## TO DO
Every entry, start to finish, should be printed verbatim without pictures.

[Records drawn from a dataset]
══════════
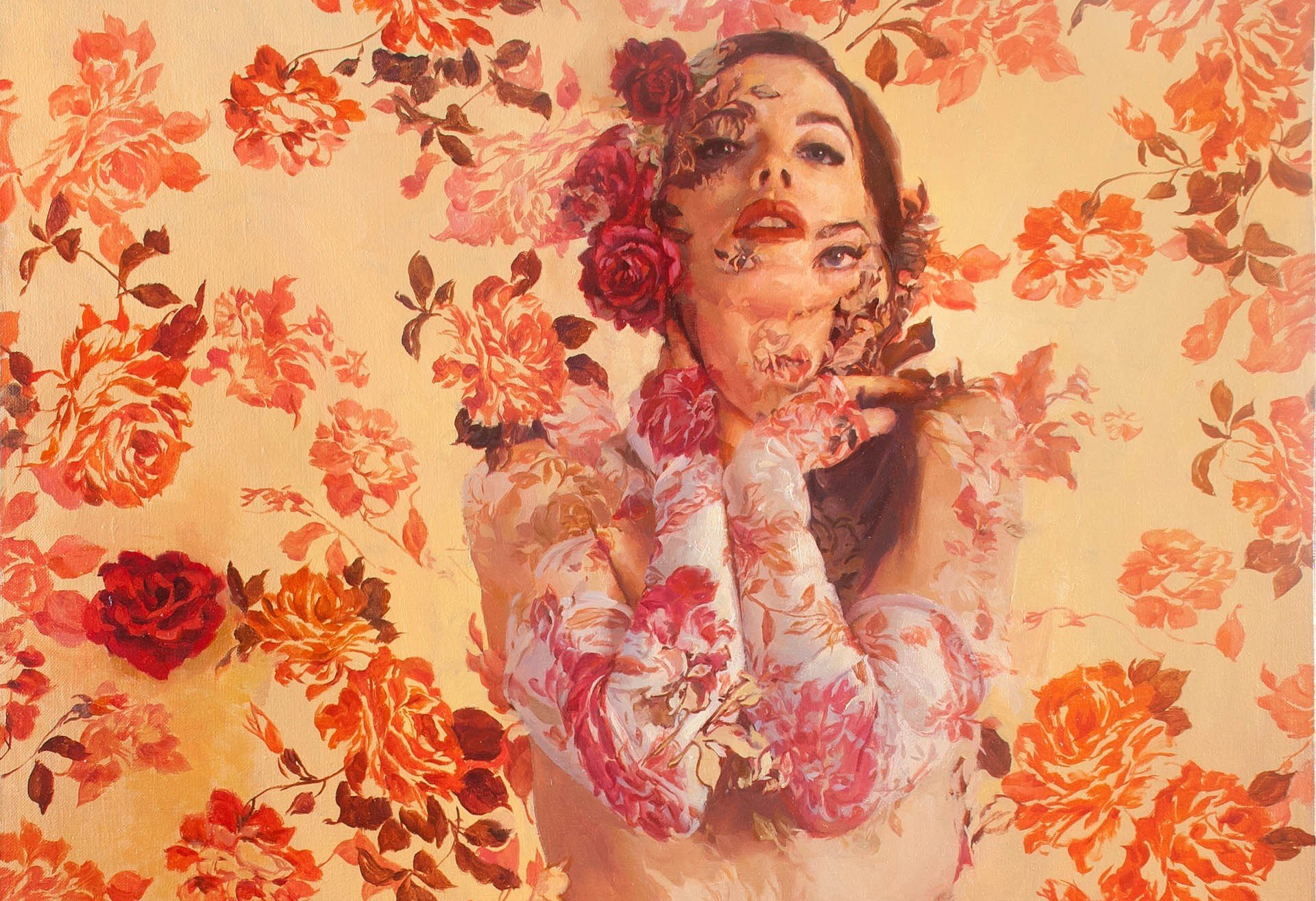 Abstrakte Kunst Mädchen mit Blumen - desktop-Hintergrund
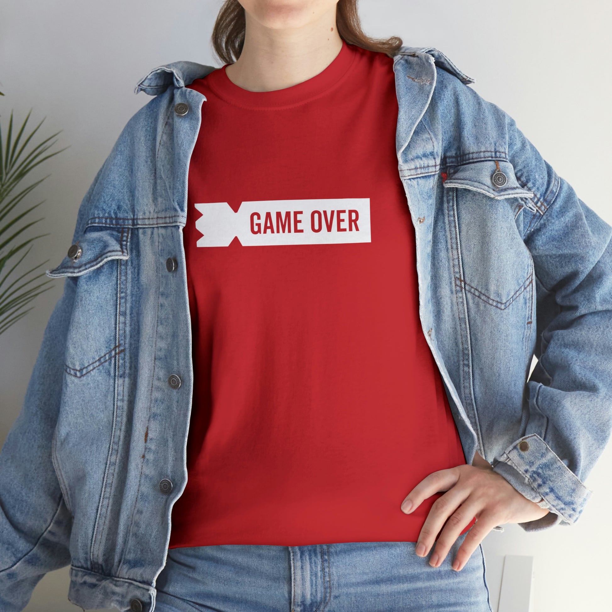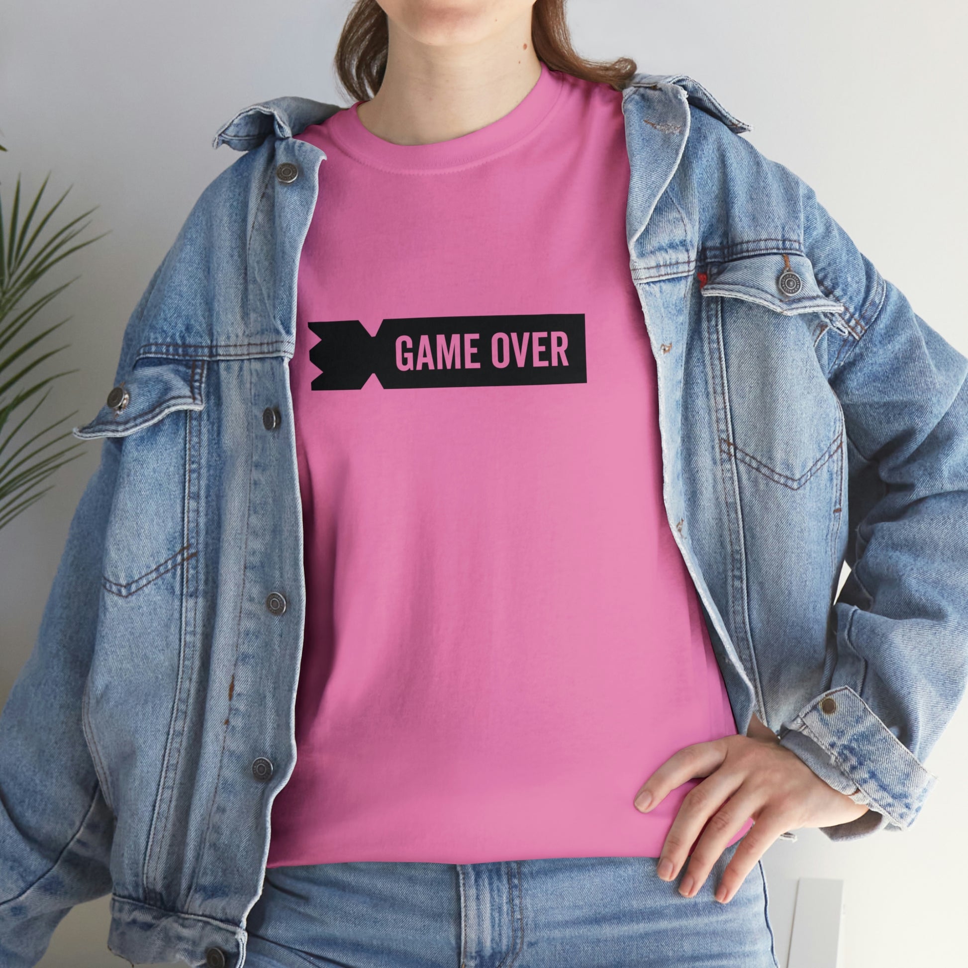 Stay comfortable while playing games outdoors with this "Game Over" t-shirt. This shirt is casual, loose fitting and will quickly become your favorite to wear while tossing dowels in the yard. The unisex heavy cotton tee is the basic staple of any wardrobe. It is the foundation upon which casual fashion grows. The specially spun fibers provide a smooth surface for premium printing vividity and sharpness. No side seams mean there are no itchy interruptions under the arms. The shoulders have tape for improved durability. Made from 100% cotton, medium fabric and classic fit. "Game Over" backyard t-shirt has a tear-away label and runs true to size.
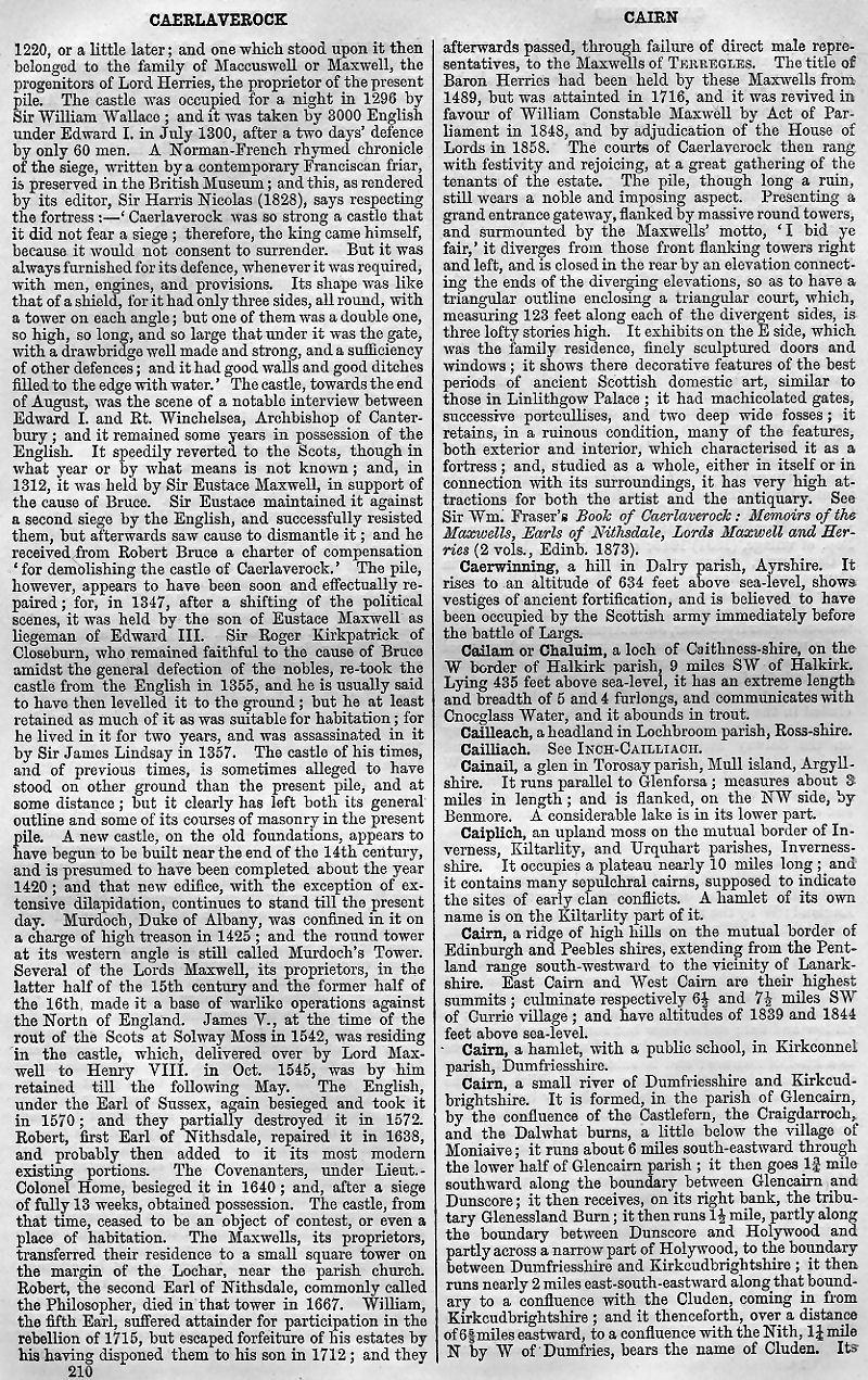Caerwinning, Cailam or Chaluim, Cailleach, Cailliach, Cainail, Caiplich, Cairn
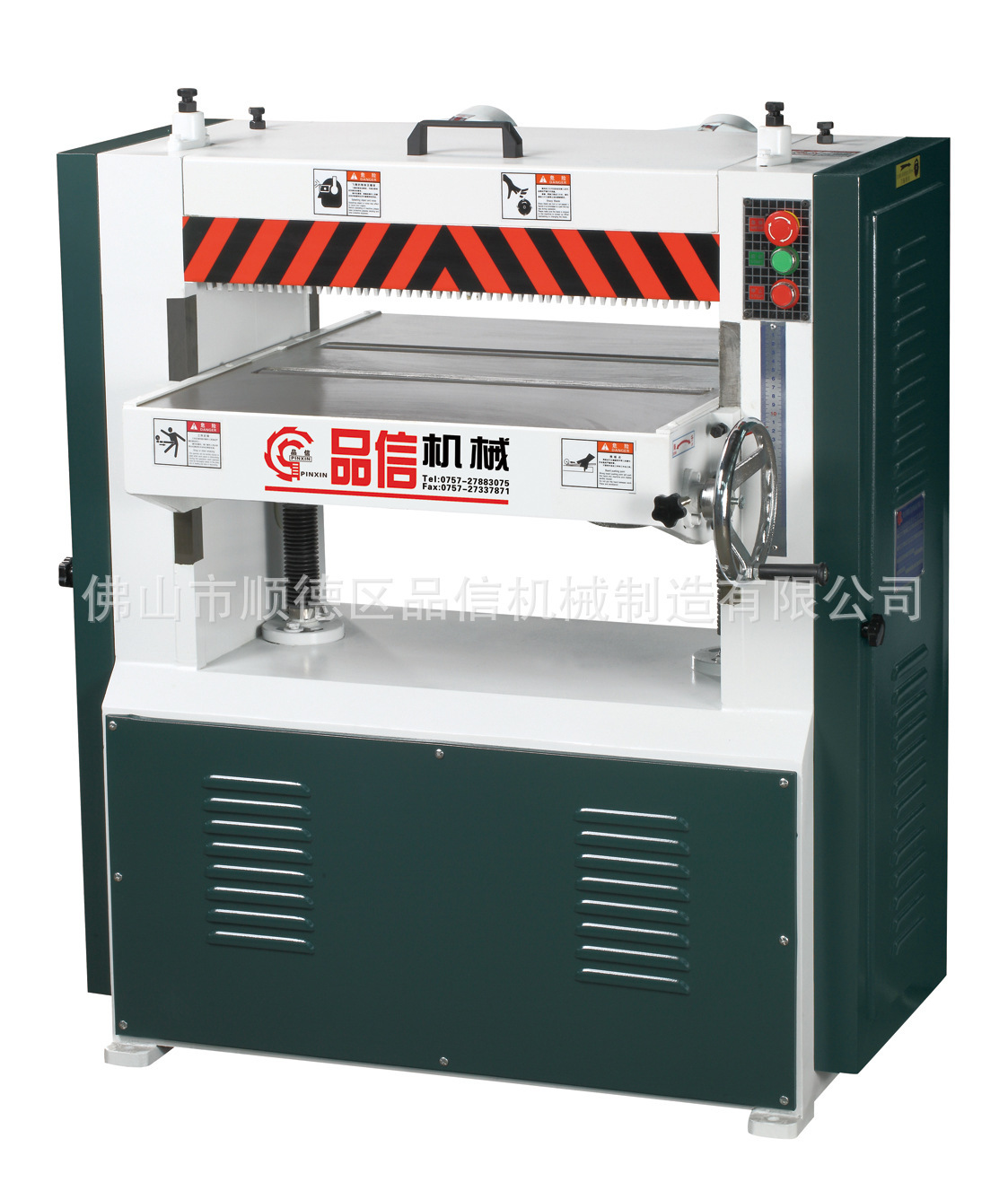 压刨床是一种自动进料、生产效率较高的木工机械,主要用于已经刨过两个基准面的板材或方材,再加工其相对面,使之成为一定厚度和宽度的净料。
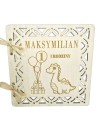 Na przedniej stronie znajduje się precyzyjny grawer z imieniem dziecka, jego wiekiem oraz uroczym motywem dinozaura, prezentów i balonów. Całość dopełnia piękny ażurowy wzór wycięty laserowo, który dodaje lekkości i wyjątkowego efektu wizualnego.
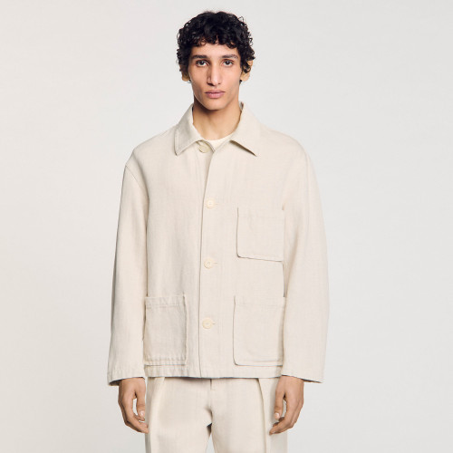 Worker jacket with patch pockets, long sleeves and a button placket.
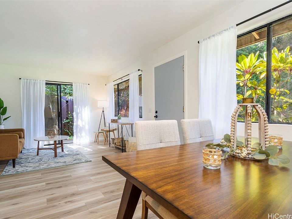 This is the Hidden Valley Estates 2 bedroom you've been waiting for! Ground level unit in a rare single story building in a quiet section of the complex. Move-in ready with extensive renovations make this an entirely fresh home! ALL NEW interior paint, Pergo luxury vinyl plank floors, baseboards and light fixtures throughout. Kitchen has new counter, sink, faucet, disposal, and cabinet hardware. Bath has new tub, tile surround, fixtures, mirror, and toilet. Bedrooms have new closet doors. No More Popcorn Ceilings! Washer/Dryer in the unit. Convenient small fenced lanai off the living room has a storage closet. Pet friendly with no weight restrictions - up to 2 pets. 2 side-by-side assigned open parking stalls are very close to the unit front door (no stairs), plus several guest parking. Reasonable HOA fees include water and sewer. For GPS please use 77 Karsten Drive. Don't miss out on this fantastic unit!
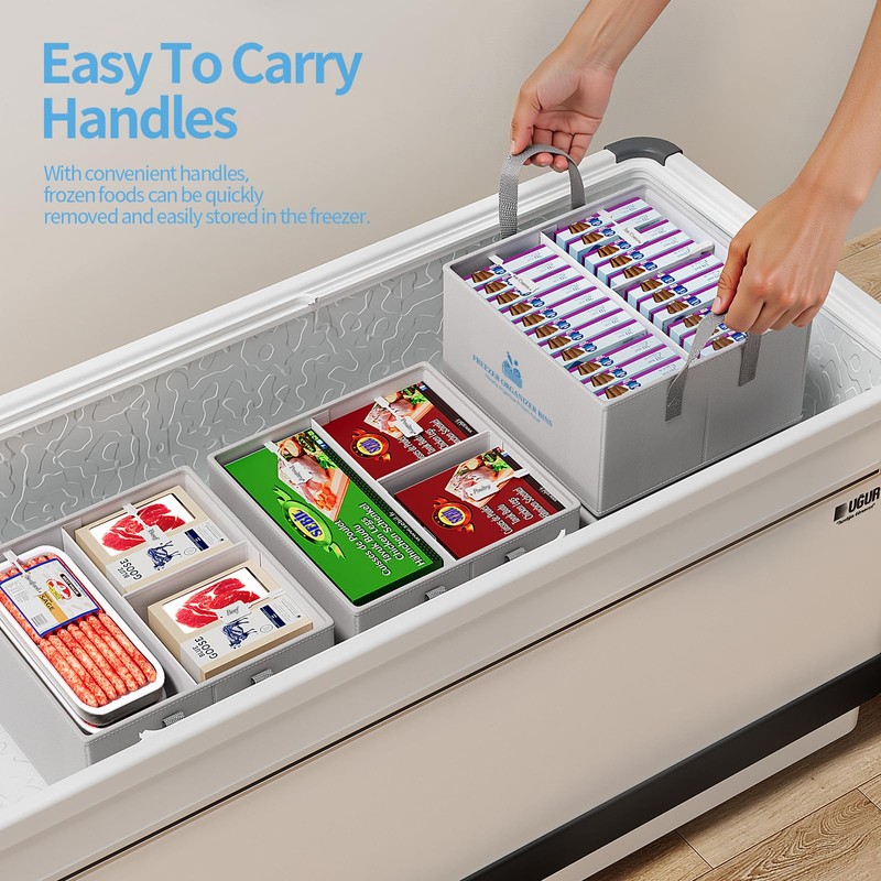 - Efficiently Organize Frozen Foods: Measuring 14 x 14 x 9 in, these large capacity deep freezer organizer bins can keep pork, beef, chicken, pizza, ice cream and other frozen foods well organized with magic tape dividers. Use the labels to make every ingredient clear at a glance, help you manage your refrigerator easily and keep the interior clean and tidy.
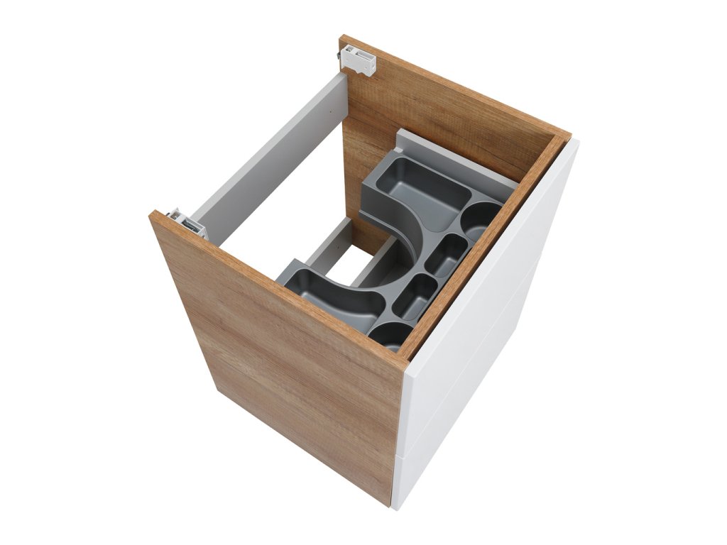 | Popis: | • moderní koupelnová skříňka pod umyvadlo či desku • 2x šuplík se softclose zavíráním - tiché a plynulé dovírání • horní zásuvka s výřezem pro umyvadlový sifón • kosmetický organizér umístěný v horním šuplíku • skříňka má rektifikační závěsy - snadné seřízení skříňky do roviny • kovové madla - chromované, černé a zlaté • příklady možných modulových sestav nábytku |
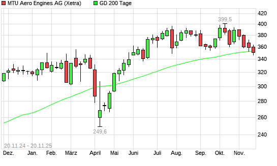 Mit dem Rücksetzer auf 351,40 EUR hat die MTU Aero Engines-Aktie am 19.11.2025 die 200-Tage-Linie nach unten gekreuzt.
══════════
## EXERCISE OUTPUT
 Abstrakte Kunst Mädchen mit Blumen - desktop-Hintergrund
 Stay comfortable while playing games outdoors with this "Game Over" t-shirt. This shirt is casual, loose fitting and will quickly become your favorite to wear while tossing dowels in the yard. The unisex heavy cotton tee is the basic staple of any wardrobe. It is the foundation upon which casual fashion grows. The specially spun fibers provide a smooth surface for premium printing vividity and sharpness. No side seams mean there are no itchy interruptions under the arms. The shoulders have tape for improved durability. Made from 100% cotton, medium fabric and classic fit. "Game Over" backyard t-shirt has a tear-away label and runs true to size.
Caerwinning, Cailam or Chaluim, Cailleach, Cailliach, Cainail, Caiplich, Cairn
 压刨床是一种自动进料、生产效率较高的木工机械,主要用于已经刨过两个基准面的板材或方材,再加工其相对面,使之成为一定厚度和宽度的净料。
 Na przedniej stronie znajduje się precyzyjny grawer z imieniem dziecka, jego wiekiem oraz uroczym motywem dinozaura, prezentów i balonów. Całość dopełnia piękny ażurowy wzór wycięty laserowo, który dodaje lekkości i wyjątkowego efektu wizualnego.
 Worker jacket with patch pockets, long sleeves and a button placket.
 This is the Hidden Valley Estates 2 bedroom you've been waiting for! Ground level unit in a rare single story building in a quiet section of the complex. Move-in ready with extensive renovations make this an entirely fresh home! ALL NEW interior paint, Pergo luxury vinyl plank floors, baseboards and light fixtures throughout. Kitchen has new counter, sink, faucet, disposal, and cabinet hardware. Bath has new tub, tile surround, fixtures, mirror, and toilet. Bedrooms have new closet doors. No More Popcorn Ceilings! Washer/Dryer in the unit. Convenient small fenced lanai off the living room has a storage closet. Pet friendly with no weight restrictions - up to 2 pets. 2 side-by-side assigned open parking stalls are very close to the unit front door (no stairs), plus several guest parking. Reasonable HOA fees include water and sewer. For GPS please use 77 Karsten Drive. Don't miss out on this fantastic unit!
 - Efficiently Organize Frozen Foods: Measuring 14 x 14 x 9 in, these large capacity deep freezer organizer bins can keep pork, beef, chicken, pizza, ice cream and other frozen foods well organized with magic tape dividers. Use the labels to make every ingredient clear at a glance, help you manage your refrigerator easily and keep the interior clean and tidy.
 | Popis: | • moderní koupelnová skříňka pod umyvadlo či desku • 2x šuplík se softclose zavíráním - tiché a plynulé dovírání • horní zásuvka s výřezem pro umyvadlový sifón • kosmetický organizér umístěný v horním šuplíku • skříňka má rektifikační závěsy - snadné seřízení skříňky do roviny • kovové madla - chromované, černé a zlaté • příklady možných modulových sestav nábytku |
 Mit dem Rücksetzer auf 351,40 EUR hat die MTU Aero Engines-Aktie am 19.11.2025 die 200-Tage-Linie nach unten gekreuzt.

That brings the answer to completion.